------ Data extract ------

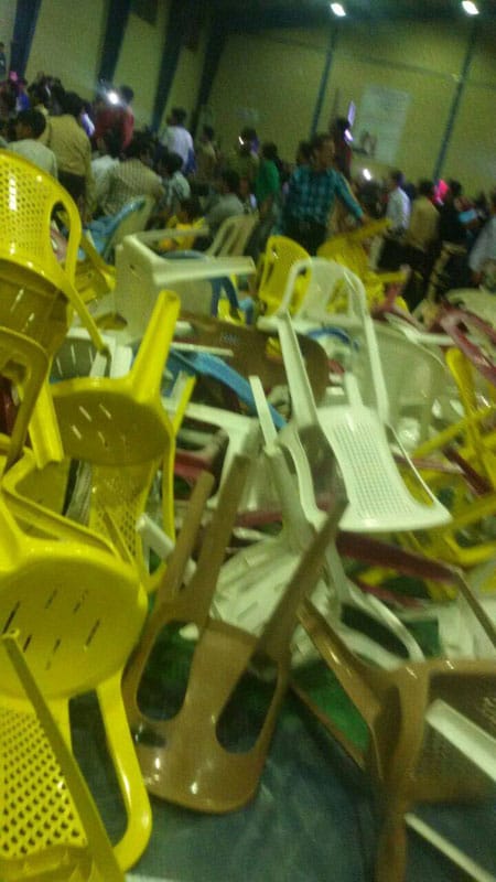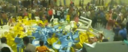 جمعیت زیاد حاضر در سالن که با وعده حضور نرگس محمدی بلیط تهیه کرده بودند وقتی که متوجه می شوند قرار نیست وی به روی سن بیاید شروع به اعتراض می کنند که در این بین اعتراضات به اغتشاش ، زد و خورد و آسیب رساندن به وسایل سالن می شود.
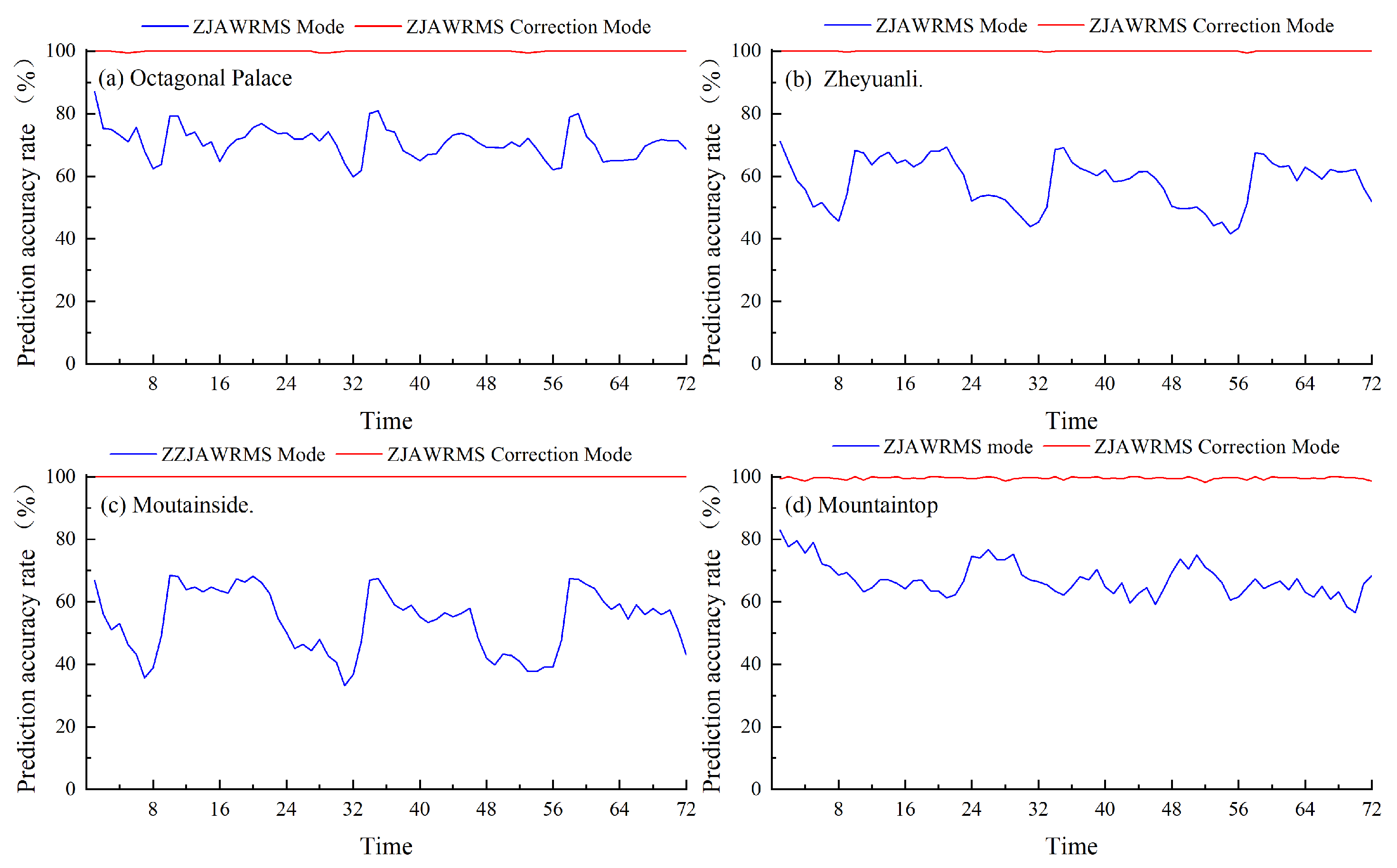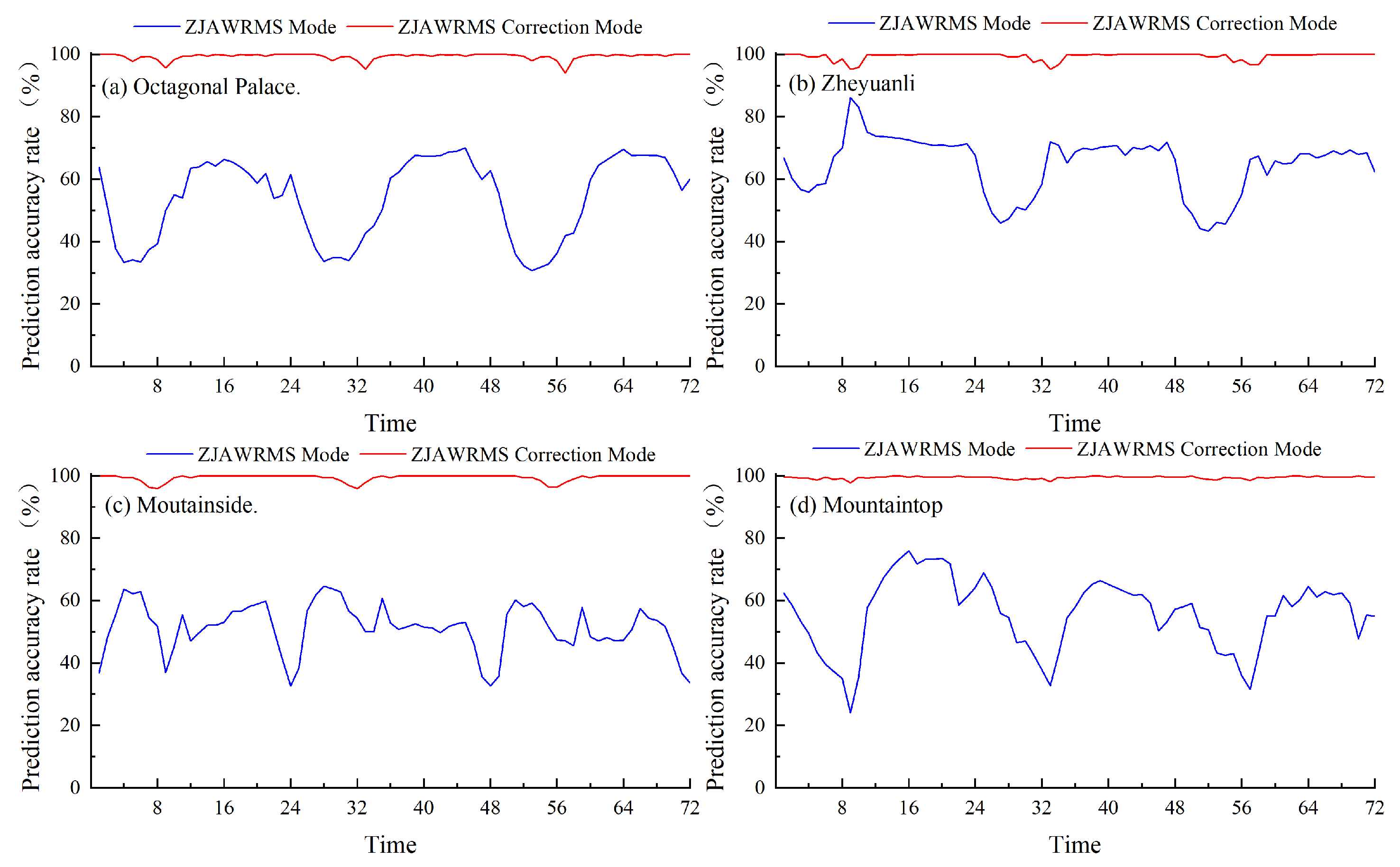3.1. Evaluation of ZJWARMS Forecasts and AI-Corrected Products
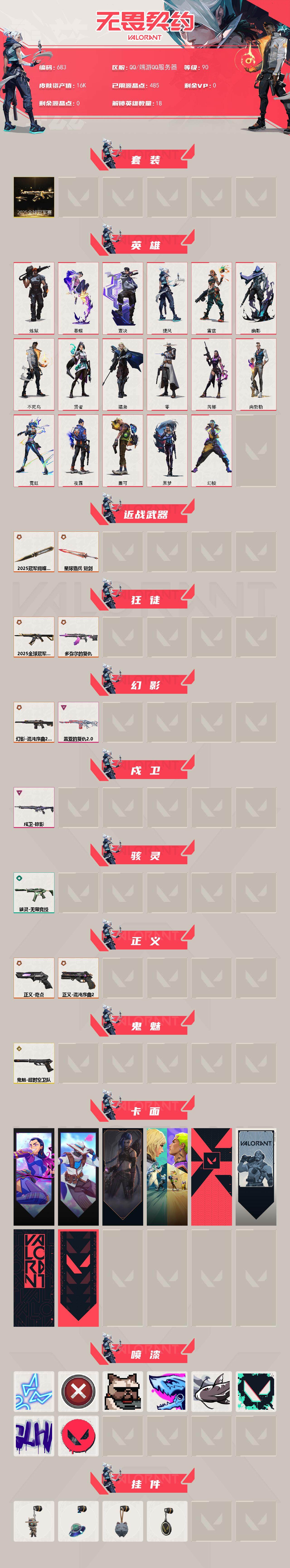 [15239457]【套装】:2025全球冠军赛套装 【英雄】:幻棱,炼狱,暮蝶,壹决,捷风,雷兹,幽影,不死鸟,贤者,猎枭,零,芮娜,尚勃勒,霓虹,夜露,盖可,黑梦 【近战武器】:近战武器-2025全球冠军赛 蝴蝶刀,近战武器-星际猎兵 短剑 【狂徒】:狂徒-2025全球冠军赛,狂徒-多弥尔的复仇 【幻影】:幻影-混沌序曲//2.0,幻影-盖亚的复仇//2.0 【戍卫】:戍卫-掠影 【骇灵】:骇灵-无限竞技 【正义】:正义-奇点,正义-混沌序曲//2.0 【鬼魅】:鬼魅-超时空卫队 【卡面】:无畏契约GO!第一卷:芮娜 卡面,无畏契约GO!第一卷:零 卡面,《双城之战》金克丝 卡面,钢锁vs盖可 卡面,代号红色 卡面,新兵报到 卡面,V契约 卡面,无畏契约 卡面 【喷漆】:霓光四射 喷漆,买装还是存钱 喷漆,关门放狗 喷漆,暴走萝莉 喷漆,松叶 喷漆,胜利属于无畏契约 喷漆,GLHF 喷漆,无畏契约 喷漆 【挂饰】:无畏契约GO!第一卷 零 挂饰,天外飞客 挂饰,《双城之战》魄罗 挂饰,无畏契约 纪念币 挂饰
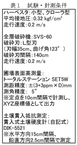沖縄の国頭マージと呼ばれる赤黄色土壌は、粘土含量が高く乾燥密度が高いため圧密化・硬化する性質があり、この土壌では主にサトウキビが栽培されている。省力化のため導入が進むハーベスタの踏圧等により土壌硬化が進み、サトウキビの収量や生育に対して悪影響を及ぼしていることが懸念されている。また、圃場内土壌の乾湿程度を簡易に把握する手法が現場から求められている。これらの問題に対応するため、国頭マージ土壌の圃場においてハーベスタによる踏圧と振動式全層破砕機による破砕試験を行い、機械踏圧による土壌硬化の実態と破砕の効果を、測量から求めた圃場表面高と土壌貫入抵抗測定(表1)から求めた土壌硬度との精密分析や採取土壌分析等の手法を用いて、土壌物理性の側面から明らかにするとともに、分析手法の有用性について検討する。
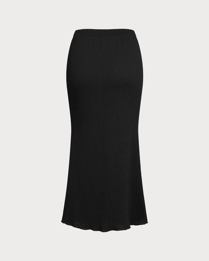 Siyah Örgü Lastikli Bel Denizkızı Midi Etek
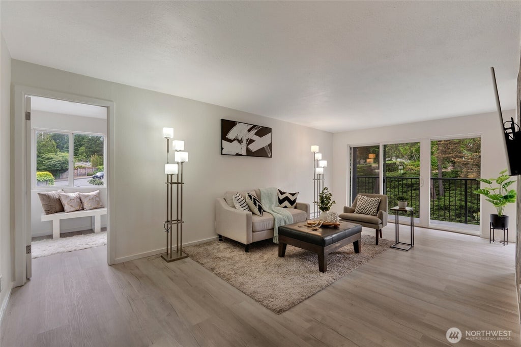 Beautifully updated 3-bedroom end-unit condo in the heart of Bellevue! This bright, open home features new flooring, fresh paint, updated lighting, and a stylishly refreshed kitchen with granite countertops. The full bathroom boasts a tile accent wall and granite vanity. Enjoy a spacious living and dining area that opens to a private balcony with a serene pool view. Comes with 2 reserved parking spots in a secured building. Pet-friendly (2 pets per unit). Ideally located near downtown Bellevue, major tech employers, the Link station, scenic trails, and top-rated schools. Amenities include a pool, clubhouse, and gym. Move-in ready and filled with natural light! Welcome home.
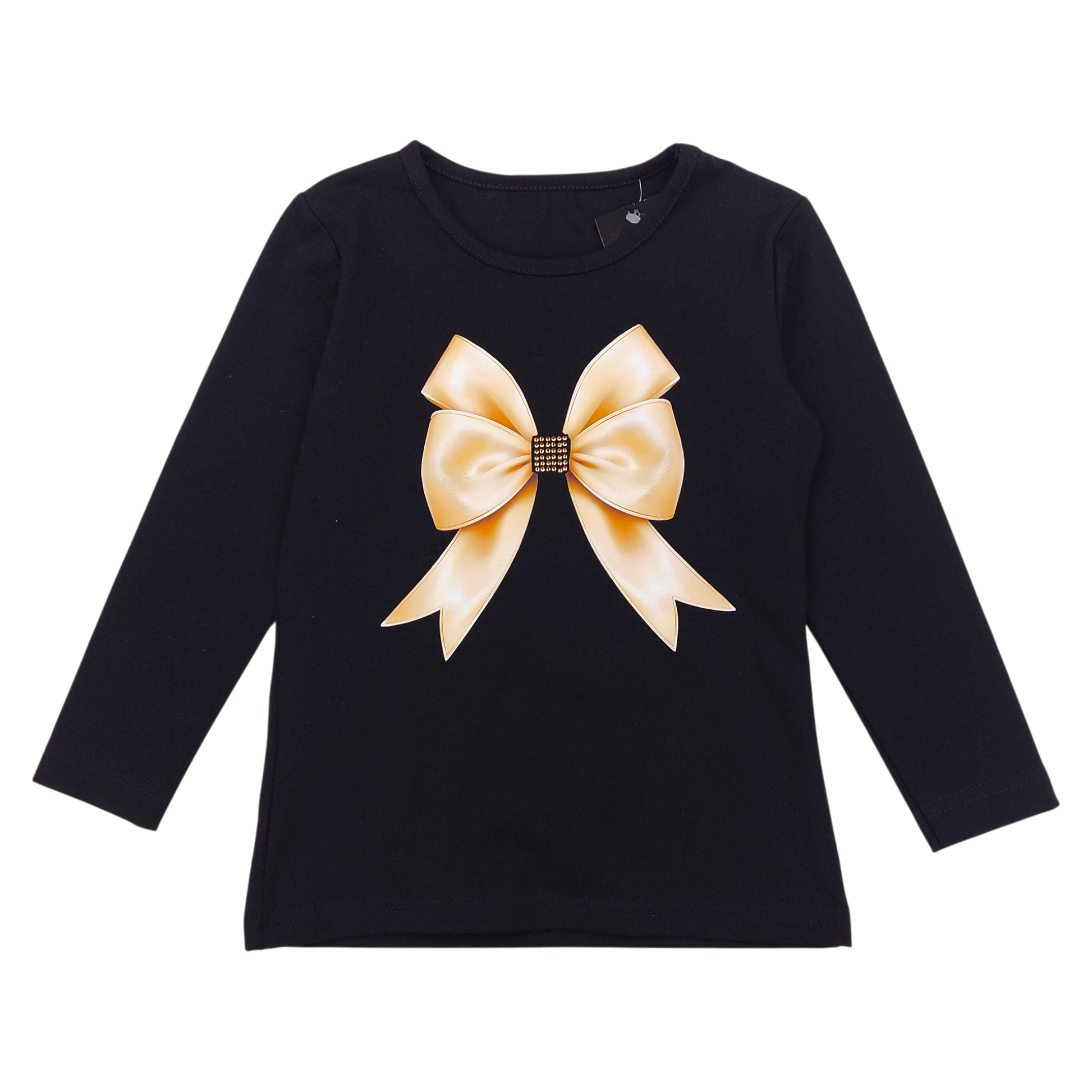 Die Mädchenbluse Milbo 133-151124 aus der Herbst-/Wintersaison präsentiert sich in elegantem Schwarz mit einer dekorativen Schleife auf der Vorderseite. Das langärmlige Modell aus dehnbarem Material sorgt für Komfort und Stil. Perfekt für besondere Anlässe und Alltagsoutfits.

------

Your answer should be the lines from the first record down to the line containing "3.1. Evaluation of", restated exactly, with no pictures.

## Task output
 جمعیت زیاد حاضر در سالن که با وعده حضور نرگس محمدی بلیط تهیه کرده بودند وقتی که متوجه می شوند قرار نیست وی به روی سن بیاید شروع به اعتراض می کنند که در این بین اعتراضات به اغتشاش ، زد و خورد و آسیب رساندن به وسایل سالن می شود.
3.1. Evaluation of ZJWARMS Forecasts and AI-Corrected Products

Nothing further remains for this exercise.